What needs to be done:
From the line that contains "The Denver Nuggets" to the final line below, both included, print each line exactly and skip the pictures.

Data records
──────

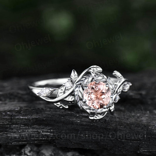 Vintage round cut morganite engagement ring halo leaf 14k white gold diamond ring women twig branch promise wedding ring jewelry
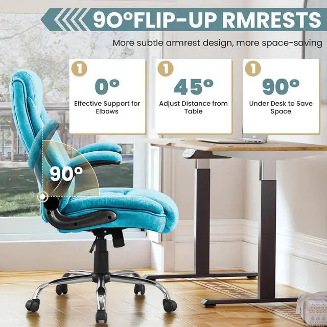 Adjustable Flip-Up Armrests and Ergonomic Features Equipped with adjustable flip-up armrests, this chair can be tailored to your comfort level. The armrests can be flipped up to save space when not in use, making it easy to fit into any office setting. The ergonomic fabric seat ensures excellent lumbar support, reducing discomfort and promoting healthy posture during long sitting periods.
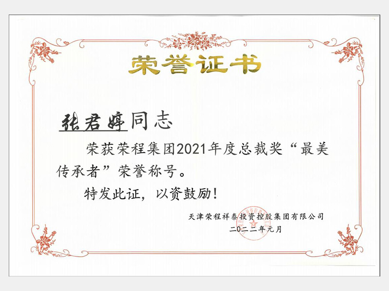 榮獲榮程集團2021年度總裁獎“最美傳承者”榮譽稱號
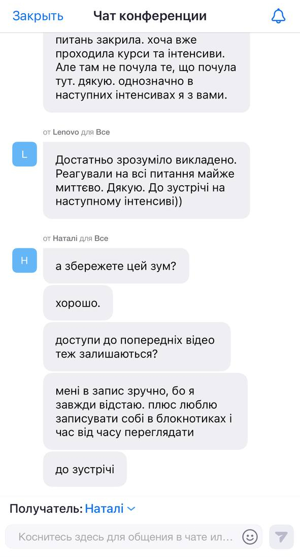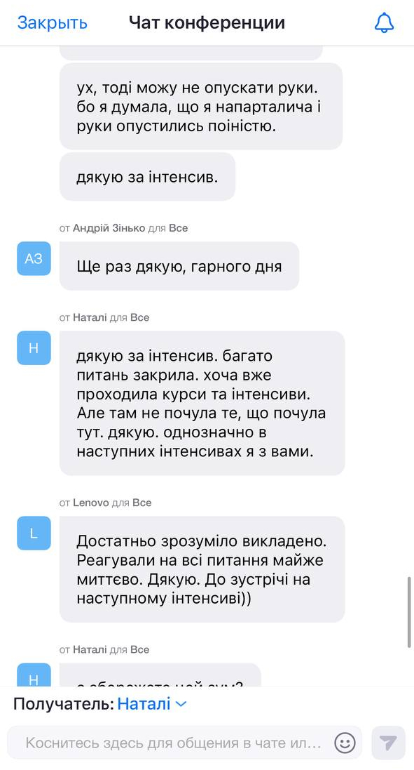 Питання та відгуки на інтенсиві
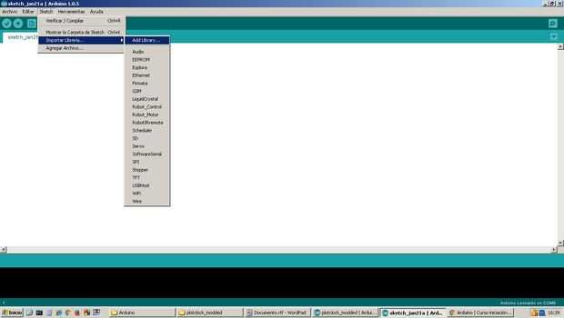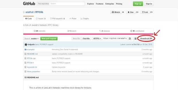 Biblioteca RTCLIB: https://github.com/adafruit/RTClib (es necesario cambiar el nombre de. ZIP que se descarga desde RTClib master.zip un RTClib.zip).
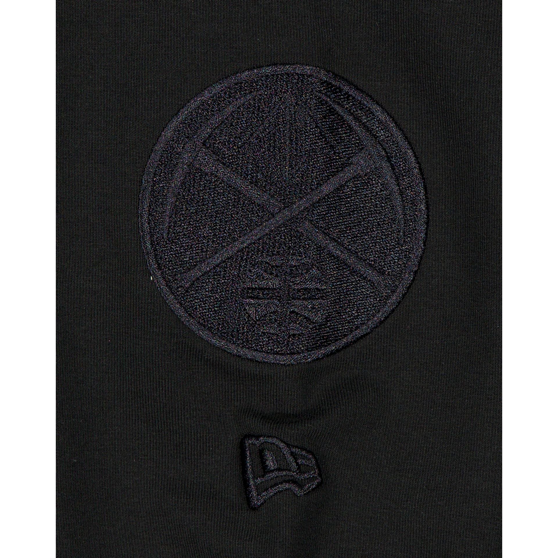 The Denver Nuggets Black on Black Logo Select Hoodie features a satin applique with a tonal stitch Nuggets wordmark at the chest and an embroidered team logo at the left-wear sleeve.
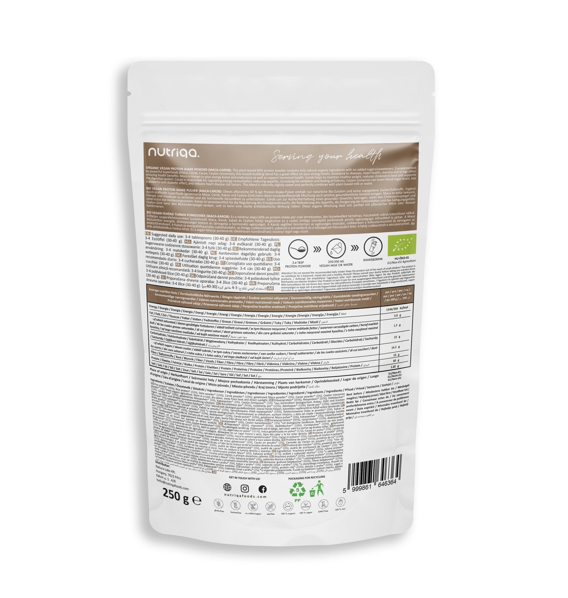 Ingredients: pea protein powder* and rice protein powder* (67%), date powder*, carob powder*, gelatinized maca powder* (5%), cocoa powder*, ceylon cinnamon powder*, *from certified organic farming. Store in a cool, dry place, away from direct sunlight and heat.

──────

Solution for this task:
 The Denver Nuggets Black on Black Logo Select Hoodie features a satin applique with a tonal stitch Nuggets wordmark at the chest and an embroidered team logo at the left-wear sleeve.
 Ingredients: pea protein powder* and rice protein powder* (67%), date powder*, carob powder*, gelatinized maca powder* (5%), cocoa powder*, ceylon cinnamon powder*, *from certified organic farming. Store in a cool, dry place, away from direct sunlight and heat.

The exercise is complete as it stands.